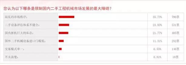 工程機械區(qū)別于其他行業(yè)一個重要的地方是,二手商品的回收利用尤為重要,因為一個機械的生命周期相對于快消品來說更長,所以在二手商品的回收、租賃同樣存在巨大機會。但是該行業(yè)目前發(fā)展前景不明朗。在慧聰工程機械網(wǎng)的一項“限制二手工程機械市場發(fā)展的最大障礙”的投票中,“混亂的市場秩序”得票最高,796票,“二手設備評估體系不健全”排名第二,得票531,“國內新機的巨大庫存”排名第三,得票485。
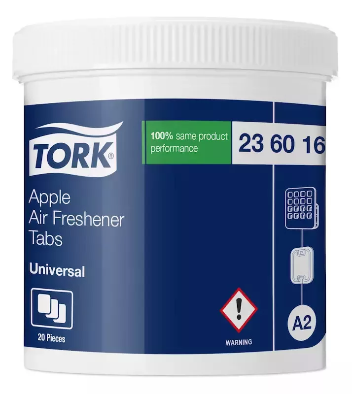 Biztosítson kellemes illatot a mosdókban a Tork illatosító gumilappal. Az impregnált gumilap friss almaillatot áraszt, és könnyedén felhelyezhető a megfelelő helyre.
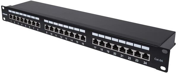 Manhattan Patch panel - CAT6A FTP árnyékolt patch panel, 24 portos, 1U, Fekete PC (720861)
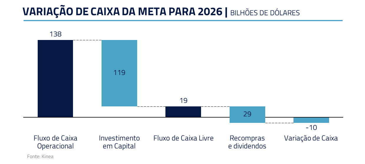 Outro caso é a Meta, que, embora altamente lucrativa, definiu que precisava investir pesadamente em I.A., e, com isso, caminha para utilização de toda sua geração de caixa.
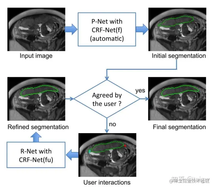 DeepIGeoS是发表在TPAMI上的一篇文章,与Deep Interactive Object Selection需要用户一开始就要提供交互点不同的是,DeepIGeoS让用户只需在一个自动分割结果的错误分割区域提供交互,因此可以更加省时和高效。

_WHAT THE TASK REQUIRES:_
Output exactly and only the lines from the line containing "Manhattan Patch panel" to the end of the entries, both included, and omit every picture.

_EXERCISE ANSWER:_
 Manhattan Patch panel - CAT6A FTP árnyékolt patch panel, 24 portos, 1U, Fekete PC (720861)
 Outro caso é a Meta, que, embora altamente lucrativa, definiu que precisava investir pesadamente em I.A., e, com isso, caminha para utilização de toda sua geração de caixa.
 DeepIGeoS是发表在TPAMI上的一篇文章,与Deep Interactive Object Selection需要用户一开始就要提供交互点不同的是,DeepIGeoS让用户只需在一个自动分割结果的错误分割区域提供交互,因此可以更加省时和高效。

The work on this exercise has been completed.